**Task to carry out**
Your answer should repeat exactly the lines from the one holding "2.通过2-氯-4-硝基吡啶" through the end of the data, and it should contain no pictures.

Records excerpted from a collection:
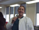 one person with microphone while others watch
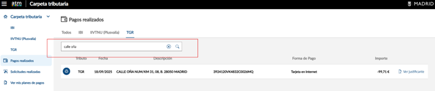 Para encontrar fácilmente el objeto tributario y sus pagos asociados se ha introducido un buscador que permite localizarlo con rapidez entre todos los que tenga asociados. La búsqueda se realizará por descripción (la dirección postal).
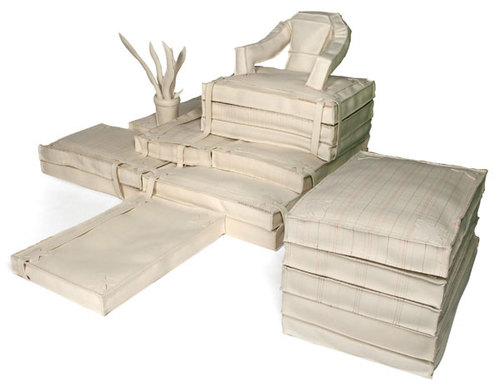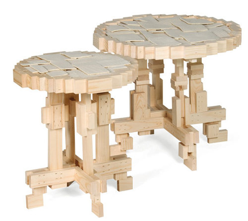 素色的布頭,零散的木塊和木片在設(shè)計(jì)師手中一樣可以變廢為寶。這一系列家具就是通過瑣碎的布頭和木塊重新拼合,進(jìn)而呈現(xiàn)出頗具個(gè)性的素色主義的家具風(fēng)格。
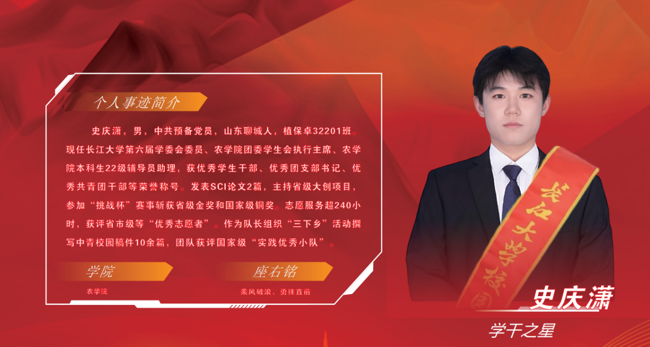 史庆潇,男,中共预备党员,山东聊城人,植保卓32201班员工。
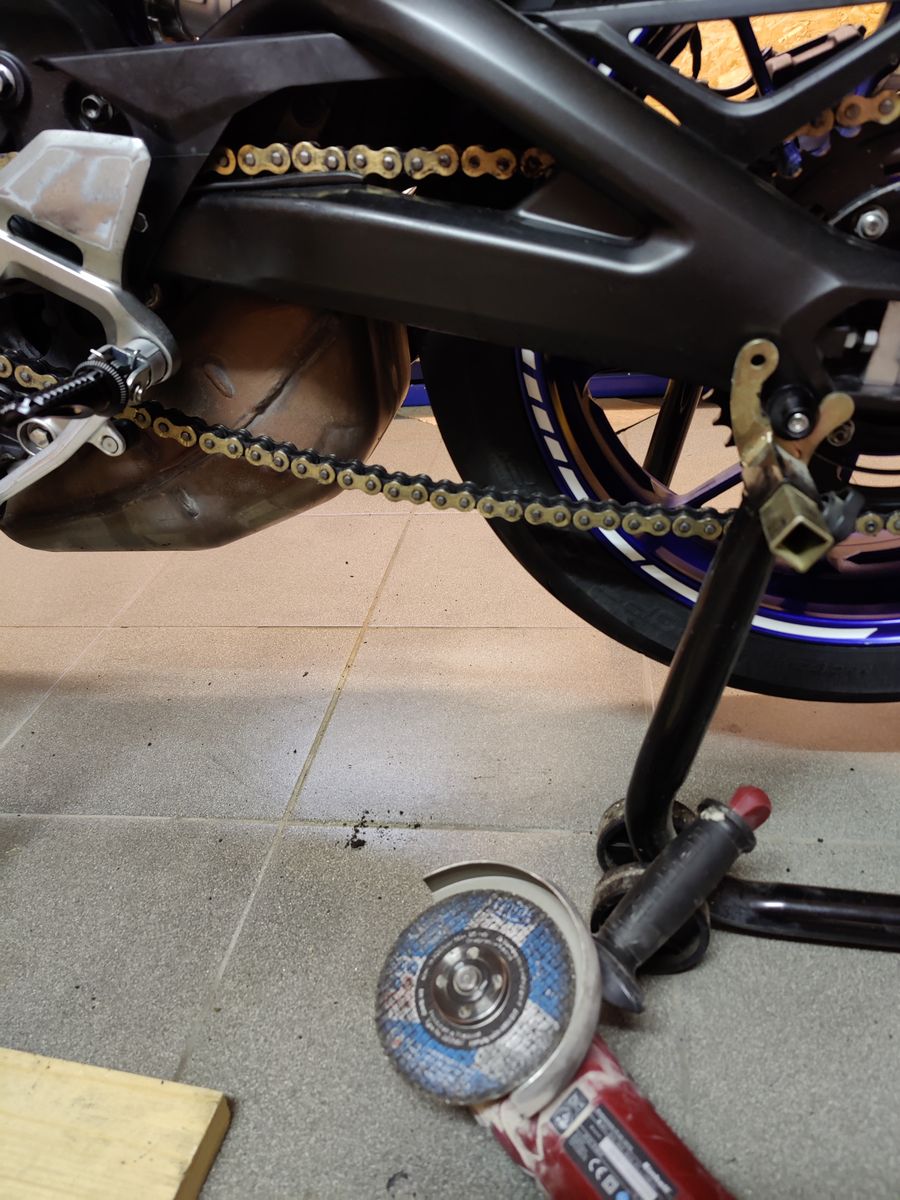 Wilbers-Federbein ausgebaut (nach 50.000km hat sie sich ein Service verdient, Kosten bei Wilbers 129€) und deshalb wieder vorübergehend wieder das alte verbaut. Bremsfüssigkeit gewechselt und ein neuer Gummi für den Schalthebel verbaut.
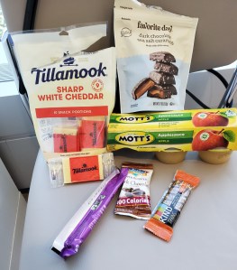 The first time I was with Carolyn at the hospital I was woefully unprepared. This was the week following her first dose of chemo when she was headed to Taussig Cancer Center at Cleveland Clinic daily to check her blood levels and receive supportive care such as fluids or potassium. I walked to the food court to get us some lunch which was no big deal that first day. By the second day however, I was much better prepared with a variety of snacks to offer Carolyn depending on her nausea and what sounded good. The individually wrapped sharp cheddar cheese was a huge hit! Sometimes, having a little something was better than running for lunch. Full disclosure, I ate most of the chocolate.
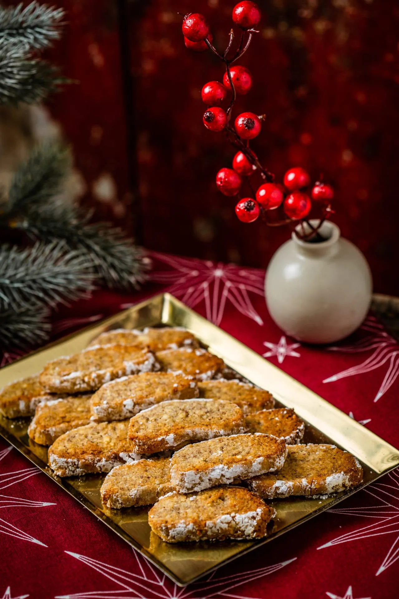 A mandulás keksz tésztájához összekeverjük a mandulalisztet, a cukrot és a mézet. Hozzáadjuk a tojásfehérjét, és jól összegyúrjuk. Egy deszkára szórjuk a porcukrot és hengerré formázzuk a tésztát, majd 1,5 cm-es darabokat vágunk belőle. Mindegyik darabból gombócot formázunk, vagy rusztikusabb formát is adhatunk nekik, majd megforgatjuk őket porcukorban, sütőpapíros tepsire rakjuk, és hagyjuk 2-3 órát, de akár egy éjszakát is száradni. 170 fokra előmelegített, légkeveréses sütőben kb. 15 percig sütjük.
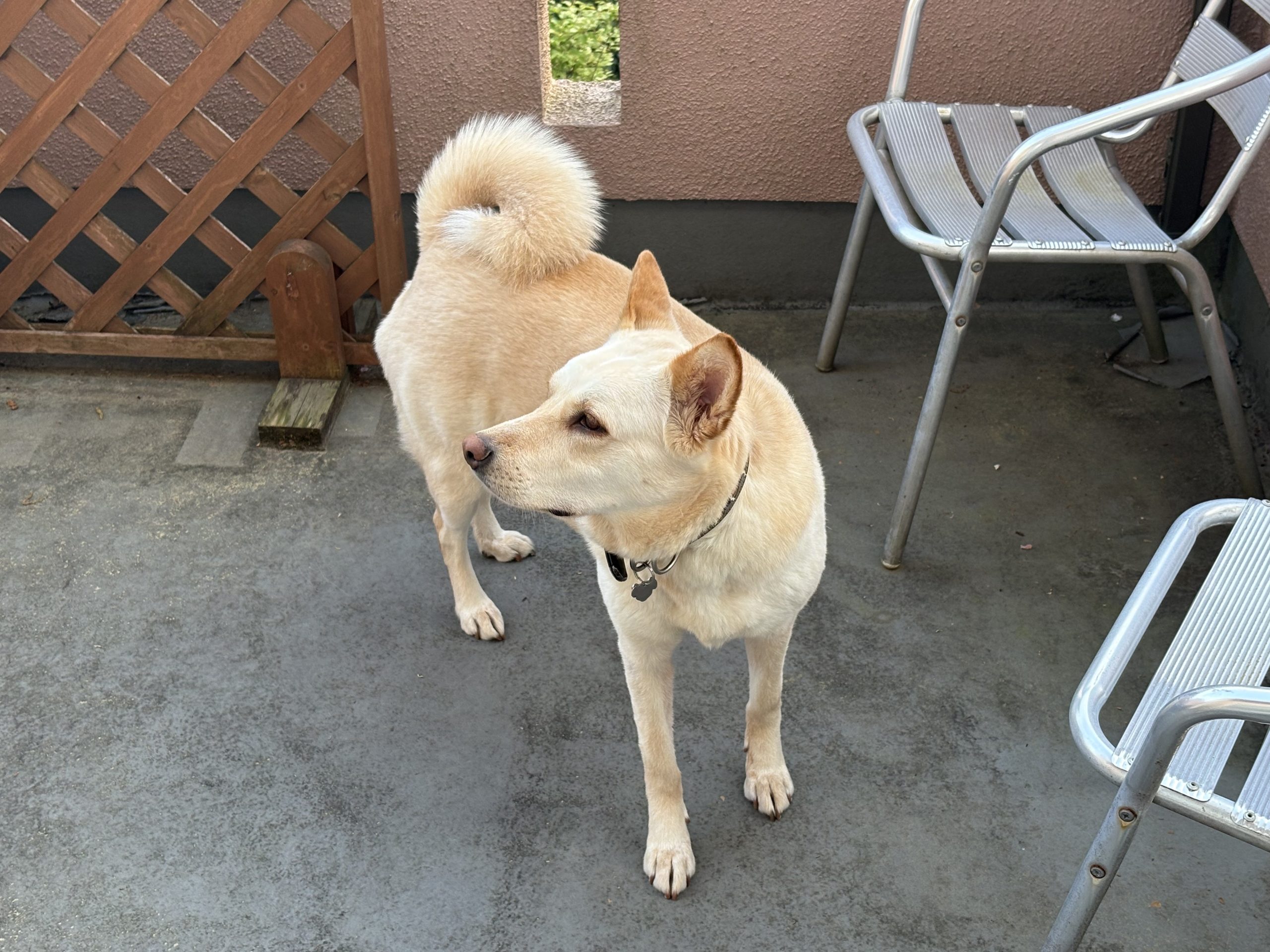 今朝の散歩前、何故かベランダに出るハナちゃんでした。昨日暖かかったので今朝は少し寒く感じる。
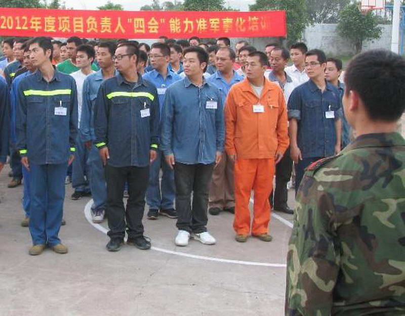 9月20日至24日,江门市电机工程学会在开平开锋基地,对江门地区59家基建施工单位的132名项目负责人分两批进行“四会”能力准军事化培训。培训全程采用准军事化管理,以“四会”(会说、会写、会干、会指挥)能力培养为中心,围绕施工现场作业过程管理,设置相关课程,通过准军事化培训,培养令行禁止的作风,提高项目负责人的业务素质和组织协调能力。参加培训的项目负责人感叹说:过去我们总是各忙各的,工作缺少条理,现在不同了,经过“四会”能力培训后,我们的工作、组织、协调、语言表达能力都得到很大的提升。
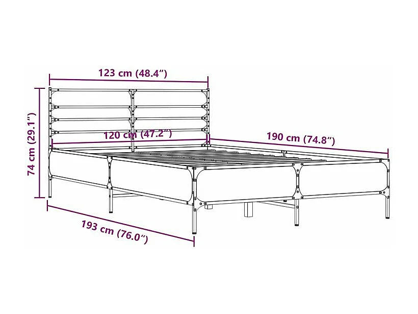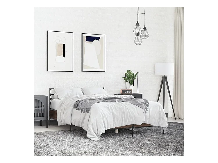 Cadre de lit chêne marron 120x190 bois d'ingénierie et métal
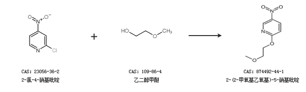 2.通过2-氯-4-硝基吡啶和乙二醇甲醚合成2-(2-甲氧基乙氧基)-5-硝基吡啶
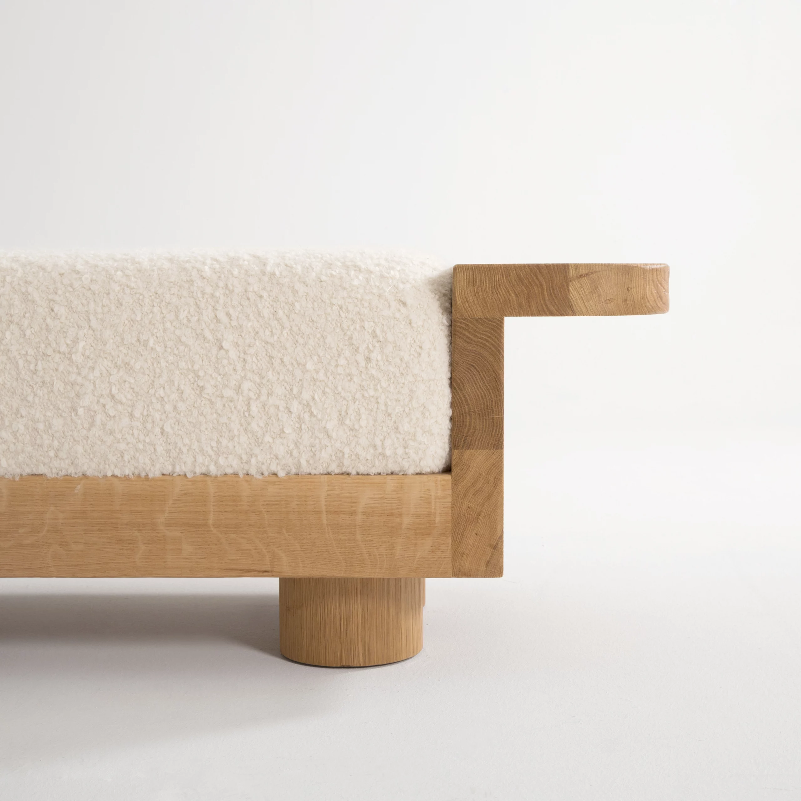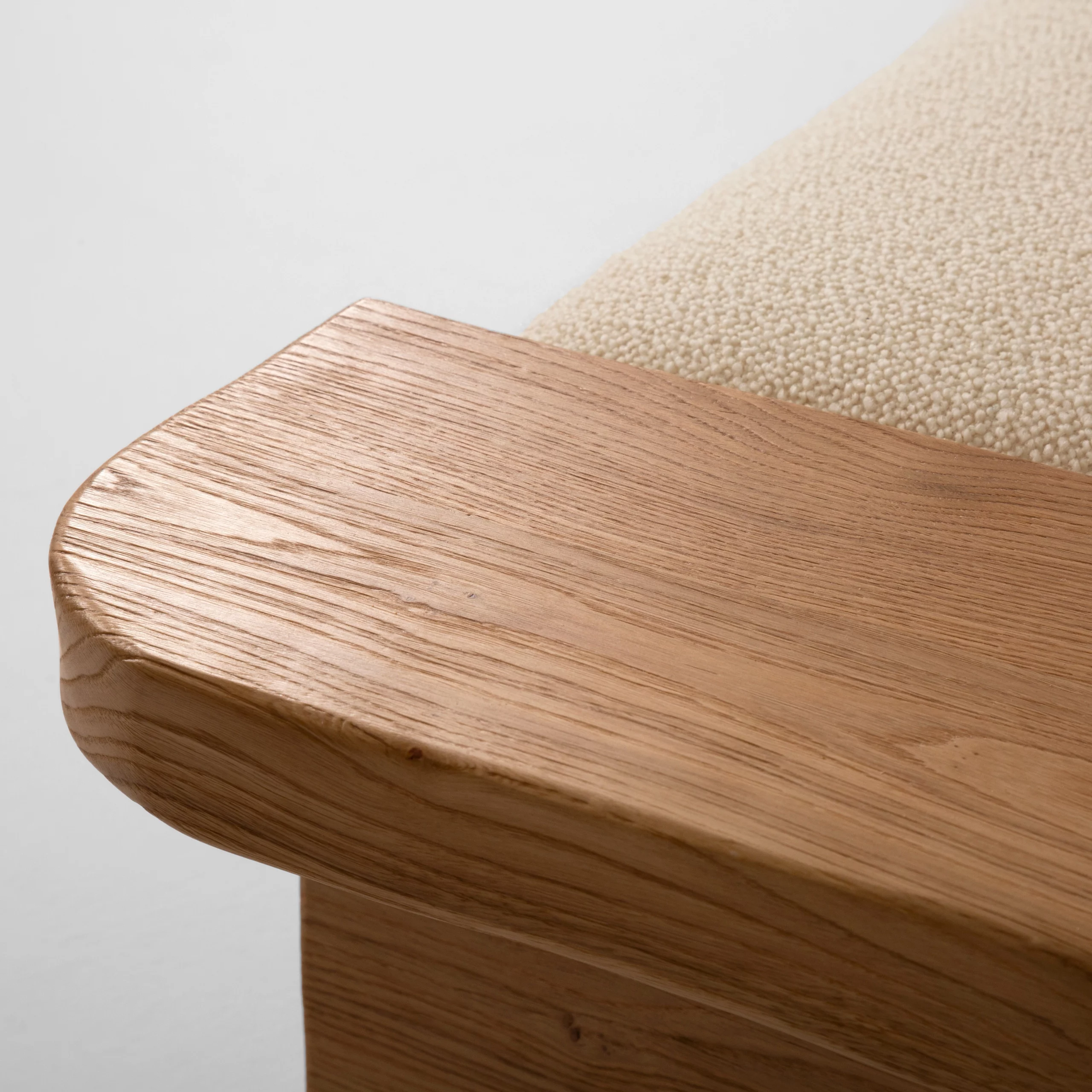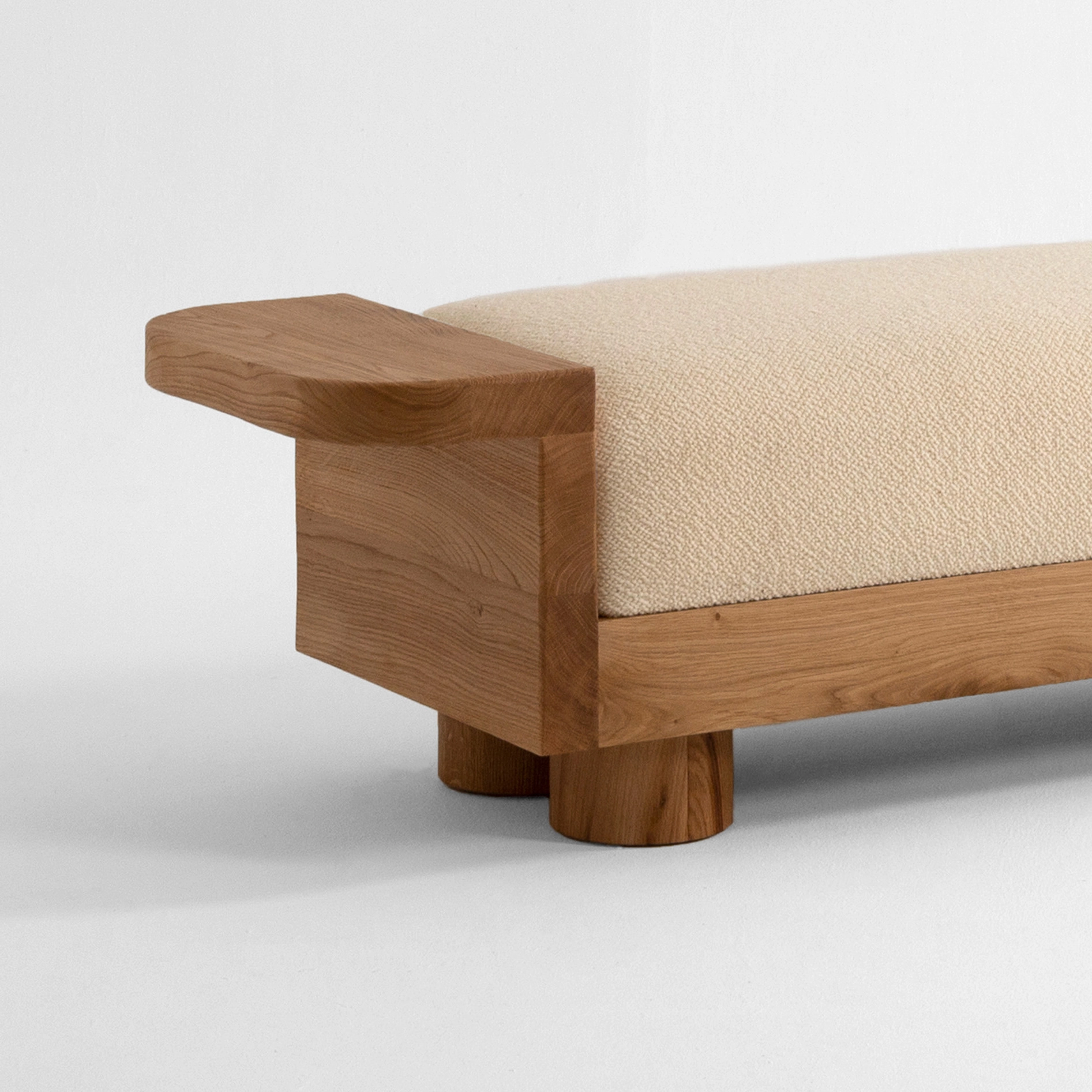 A la fois architecturale et minimale, la collection Nativ offre des assises élégantes avec une double fonctionnalité. Entouré (ou bordé) d’une structure en bois massif, le canapé invite à s’installer confortablement et à se prélasser tout en investissant la tablette ; on peut y poser à sa guise des accessoires du quotidien et s’approprier ainsi le meuble. Le bois façonné à la main met en évidence le travail et le geste de l’artisan.

**Written response**
 2.通过2-氯-4-硝基吡啶和乙二醇甲醚合成2-(2-甲氧基乙氧基)-5-硝基吡啶
 A la fois architecturale et minimale, la collection Nativ offre des assises élégantes avec une double fonctionnalité. Entouré (ou bordé) d’une structure en bois massif, le canapé invite à s’installer confortablement et à se prélasser tout en investissant la tablette ; on peut y poser à sa guise des accessoires du quotidien et s’approprier ainsi le meuble. Le bois façonné à la main met en évidence le travail et le geste de l’artisan.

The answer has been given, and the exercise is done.